Molecular analysis has revealed defining mutations in other tumors occurring in the sinonasal tract. Similar gain-of-function mutations in CTNNB1 are characteristic of sinonasal glomangiopericytoma, a distinctive mesenchymal neoplasm with a myoid phenotype [11]. Additionally, a recent study described three cases of low-grade non-ITAC showing ETV6 gene rearrangements, including two cases with ETV6-NTRK3 fusion and one with ETV6-RET fusion [12, 13]. While these gene fusions are also characteristic of secretory carcinoma, ETV6-rearranged low-grade sinonasal adenocarcinoma is a morphologically distinct entity [13, 14]. With continued investigation, other tumors falling into the category of non-ITAC may be further separated into more specific entities. Yom et al. [15] noted a small subset of non-ITAC cases showing p53 overexpression, whereas other cases did not show any genetic abnormalities in KRAS, APC, CTNNB1, DNA mismatch repair genes, or TP53. Another study by Franchi et al. [16] reported a subset of non-ITAC cases with EGFR overexpression, while two cases contained a BRAF mutation by direct sequencing. Now we report two cases of non-ITAC with mutated CTNNB1 and a unique morphology and immunophenotype.
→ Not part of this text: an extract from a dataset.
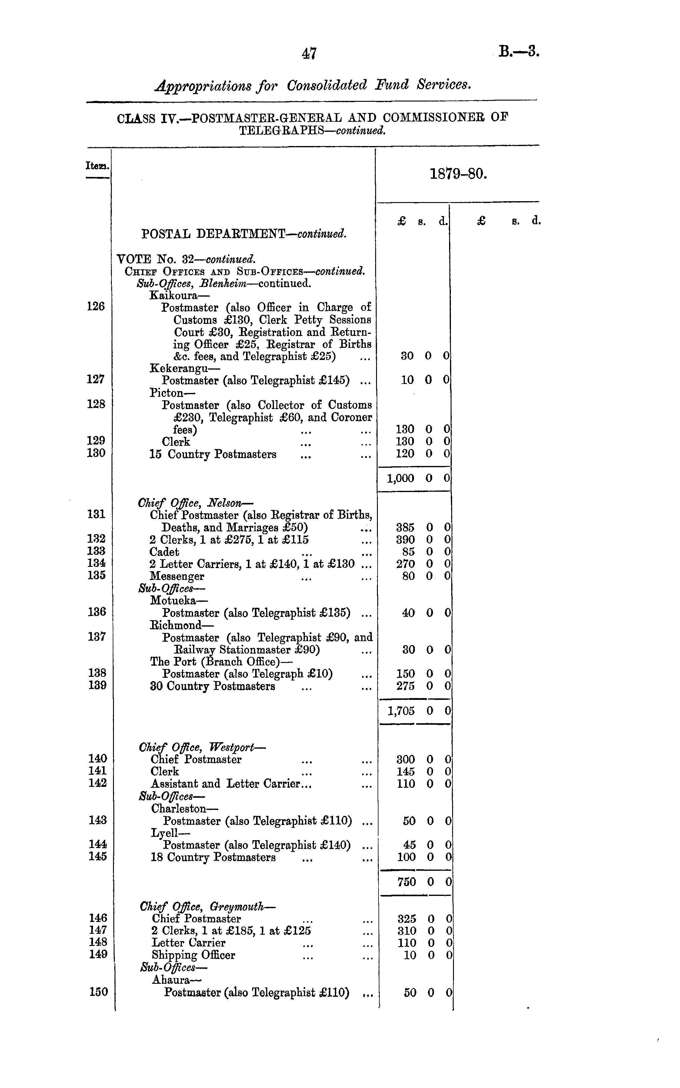 Appropriations for Consolidated Fund Services. CLASS IV.—POSTMASTER-GENERAL ANI TELEGRAPHS— continu, | COMMISSIONER OF ;d. Ite». 18' 9-80. £ s. d. £ B. d POSTAL DEPARTMENT— continued. 126 VOTE No. 32— continued. Chief Offices and Sub-Offices— continued. Sub-Offices, Blenheim —continued. Kaikoura — Postmaster (also Officer in Charge of Customs £130, Clerk Petty Sessions Court £30, Eegistration and Returning Officer £25, Registrar of Births &c. fees, and Telegraphist £25) Kekerangu — Postmaster (also Telegraphist £145) ... Picton— Postmaster (also Collector of Customs £230, Telegraphist £60, and Coroner fees) Clerk 15 Country Postmasters 30 0 0 127 10 0 0 128 130 130 120 0 0 0 0 0 0 129 130 1,000 0 0 131 132 133 134 135 Chief Office, Nelson — Chief Postmaster (also Registrar of Births, Deaths, and Marriages £50) 2 Clerks, 1 at £275,1 at £115 Cadet 2 Letter Carriers, 1 at £140, 1 at £130 ... Messenger Sub-Offices— Motueka— Postmaster (also Telegraphist £135) ... Richmond — Postmaster (also Telegraphist £90, and Railway Stationmaster £90) The Port (Branch Office)— Postmaster (also Telegraph £10) 30 Country Postmasters 385 390 85 270 80 40 0 0 0 0 0 0 0 0 0 0 0 0 136 137 30 0 0 138 139 150 275 0 0 0 c 1,705 0 0 140 141 142 Chief Office, Westport— Chief Postmaster Clerk Assistant and Letter Carrier... Sub-Offices— Charleston — Postmaster (also Telegraphist £110) ... Lyell— Postmaster (also Telegraphist £140) ... 18 Country Postmasters 300 0 145 0 110 0 0 0 0 143 50 0 0 144 145 45 0 100 0 0 0 750 0 0 146 147 148 149 Chief Office, Greymouth — Chief Postmaster 2 Clerks, 1 at £185, 1 at £125 Letter Carrier Shipping Officer Sub-Offices— Ahaura— Postmaster (also Telegraphist £110) ... 325 310 110 10 0 0 0 0 0 0 0 0 50 0 (. 150

Clearly, non-ITAC is diverse not only morphologically but at the molecular level. With an advanced understanding in the molecular basis of non-ITAC comes the potential improvement in treatment options for patients. Several clinical trials are currently underway and preclinical evidence suggests that tumors with activating CTNNB1 mutations may be responsive to mTOR inhibitors [17] and inhibition of the NOTCH signaling pathway by gamma-secretase inhibitors [18]. With continued molecular investigation, the tumors encompassed by this diagnostic category of exclusion will be further subclassified, and this will hopefully lead to refinement of treatment strategies.

4. Conclusion

Squamoid morules are an interesting morphologic feature and can be present in non-ITAC, and they show a peculiar coexpression of CDX2 and β-catenin that suggests a possible synergistic effect in squamoid morular formation. We report two cases with a confirmed mutation in β-catenin which can provide a molecular explanation for this recently described morphological phenomenon in non-ITAC.

Disclosure

This research did not receive any specific grant from funding agencies in the public, commercial, or non-profit sectors.

Conflicts of Interest

The authors declare no conflicts of interest.